With this definition it's easy to prove $\operatorname{Hom}_G(\pi, \mathbf{Ind}_H^G\rho)\simeq \operatorname{Hom}_H(\mathbf{Res}_H^G\pi, \rho)$, which makes $\mathbf{Ind}_H^G$ right-adjoint to $\mathbf{Res}_H^G$. If I'm not mistaken, the explicit arrows are $\lambda\mapsto (v\mapsto \lambda(v)(1))$ and in the reverse direction $f\mapsto (v\mapsto (g\mapsto f(g\cdot v)))$.
First of all this is a bit surprising as $\mathbf{Res}_H^G$ is more of a forgetful-type functor so we'd expect the "obvious functor in the other direction" to be its left adjoint, but as the proof goes through so simply we can let this surprise on the side.
However, Wiki states the following : "In the case of finite groups, they are actually both left- and right-adjoint to one another" (from the article on Frobenius Reciprocity)
Moreover in the same article they state that there is a natural isomorphism $\operatorname{Hom}_{K[G]}(K[G]\otimes_{K[H]}V, W) \simeq \operatorname{Hom}_{K[H]}(V,W)$ where a representation is simply seen as a $K[G]$(resp. $K[H]$-)module  (and $K[G]$ is a $(K[G],K[H])$-bimodule to make sense of the tensor product and the $K[G]$-module structure on it). Once again, this isomorphism seems easy to establish : one direction is $\lambda\mapsto (v\mapsto \lambda(1\otimes v))$ and the other $f\mapsto (g\otimes v\mapsto g\cdot f(v))$.
This seems to work for arbitrary groups, not just finite ones. So I assume the sentence in the wikipedia article means that $K[G]\otimes_{K[H]}V \simeq \mathbf{Ind}_H^GV$ only if $G$ is finite (the "only" being in the sense "in general").

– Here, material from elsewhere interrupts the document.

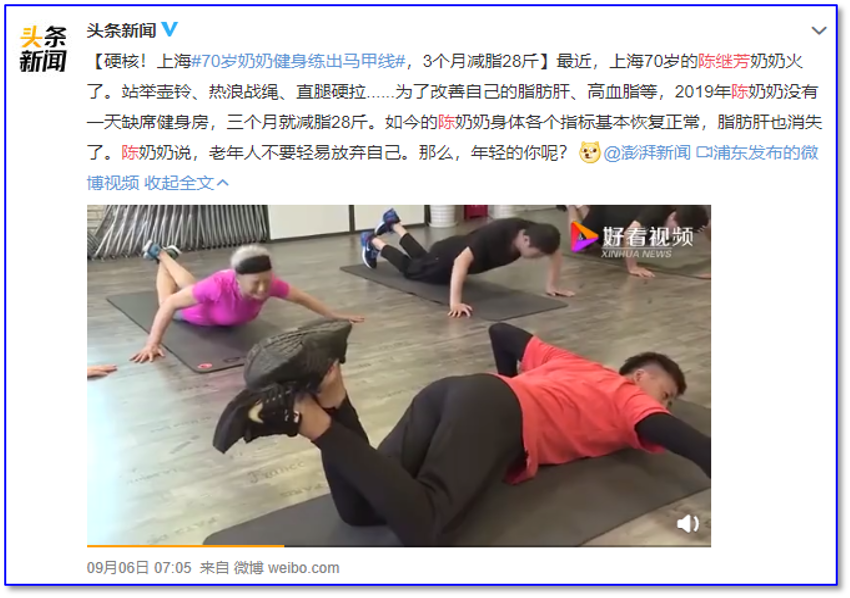 不被年龄定义,活得年轻 青春已逝、红颜不再意味着什么呢? 有人这样形容: “就像颗菜一样被人去挑选,然后嫌你这个菜叶子老了,嫌你这个日期不新鲜了。” 读来令人震惊。 但如果不惧怕年龄,而是在它的框架之外生活,那就是另外一回事了。 最近,“70岁奶奶健身练出马甲线”的新闻,被很多人点赞。 奶奶叫陈继芳。为了改善体质,她不顾高龄,把自己“杠”进健身房。站举壶铃、热浪战绳、直腿硬拉等等,样样玩得认真又专业。 3个月之后,成绩喜人,脂肪减掉28斤,并且身体各项指标基本恢复正常。 所以,在央视《越战越勇》的舞台上,她借助健腹轮锻炼体能的片段,引发一片尖叫。 看着奶奶的马甲线,网友们在点赞之余,都自愧不如:“我身体都没她好。” 还有网友发出疑问: “真的70岁吗?说她50岁我也信。” 确实,如此好的精神和体态,哪里像是70岁的老人家? 无独有偶,像陈继芳奶奶这样“逆龄生长”的人,不止一个。 武汉83岁的康康爷爷,不仅着装时尚,还非常热衷打篮球、健身,状态可比年轻人。 日本新晋网红——92岁的西本喜美子老奶奶,70岁学摄影,如今不仅绘图软件、修图软件运用娴熟,还非常幽默地拍摄创意照片,来讽刺某些社会现象。 可以说,她的情怀和责任感,不输任何年轻人。

If that's not the case, what does this sentence mean ? If it is, is this isomorphism natural (in $V$ ? and in $(H,G)\in \mathbf{FinGrp}^\to$ ?) ? What is the isomorphism? If my interpretation is correct, can anything be said on the relationship between $K[G]\otimes_{K[H]}V$ and $\mathbf{Ind}_H^GV$ when $G$ is infinite ?

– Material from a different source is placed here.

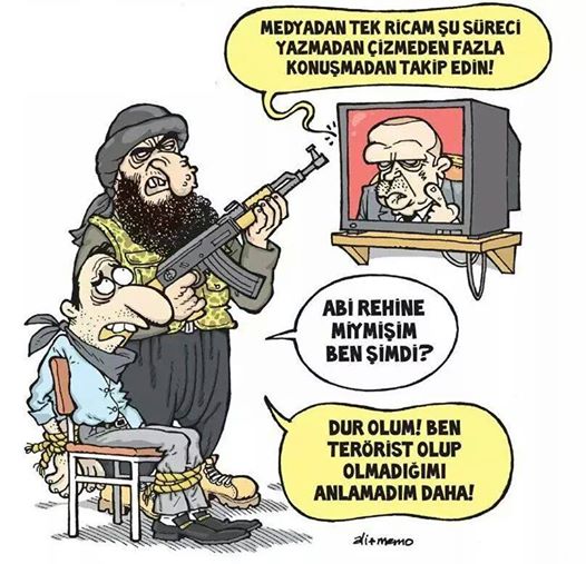 El kaide bağlantılı terör örgütü Nusra cephesinin,Türkiye tarafından önce terör örgütü listesine alınması ve akabinde tekrar listeden çıkarılması ve Musul olayı hakkındaki basın yasakları karikatüristler tarafından böyle görüldü.

If my interpretation is not correct and the "$K[G]\otimes_{K[H]}V$" construction does not work for infinite $G$ (because of some mistake I made), then does $\mathbf{Res}_H^G$ have a left adjoint in general ?

It seems as though one can apply the general adjoint functor theorem to prove that it does, the only bit I'm not sure about being the fact that it preserves limits... But I think it preserves products and equalizers so it should suffice, right ?

If this is correct, and still working under the assumption that my interpretation isn't correct, can the aforementioned left adjoint be explicited? Does it have anything to do with $\mathbf{Ind}_H^G$ ? with $K[G]\otimes_{K[H]}-$ ?

Any correction of anything I said, besides the explicit questions, is very welcome as well as an answer to the questions !
 A: Let $f : R \to S$ be a ring homomorphism, which in this special case is a homomorphism of group rings $k[H] \to k[G]$ induced by a homomorphism of groups. $f$ induces a restriction of scalars functor between categories of left modules
$$f^{\ast} : \text{Mod}(S) \to \text{Mod}(R)$$
which has both a left and a right adjoint. The left adjoint is called extension of scalars and looks like
$$f_L : \text{Mod}(R) \ni M \mapsto S \otimes_R M \in \text{Mod}(S)$$
and the right adjoint doesn't have a common name that I'm aware of, but we could call it coextension of scalars, and it looks like
$$f_R : \text{Mod}(R) \ni M \mapsto \text{Hom}_R(S, M) \in \text{Mod}(S).$$
Now, I claim that if $G$ and $H$ are finite groups, then these functors are naturally isomorphic, meaning induction is both left and right adjoint to restriction in this case. But in general they're not. Which one deserves to be called "induction" and which one deserves to be called "coinduction" is a question I haven't settled to my own satisfaction. The second one seems to generalize more cleanly to the setting where $G$ and $H$ are groups with extra structure, e.g. algebraic groups; IIRC it can be interpreted as computing the space of sections of a $G$-equivariant vector bundle on the quotient $G/H$.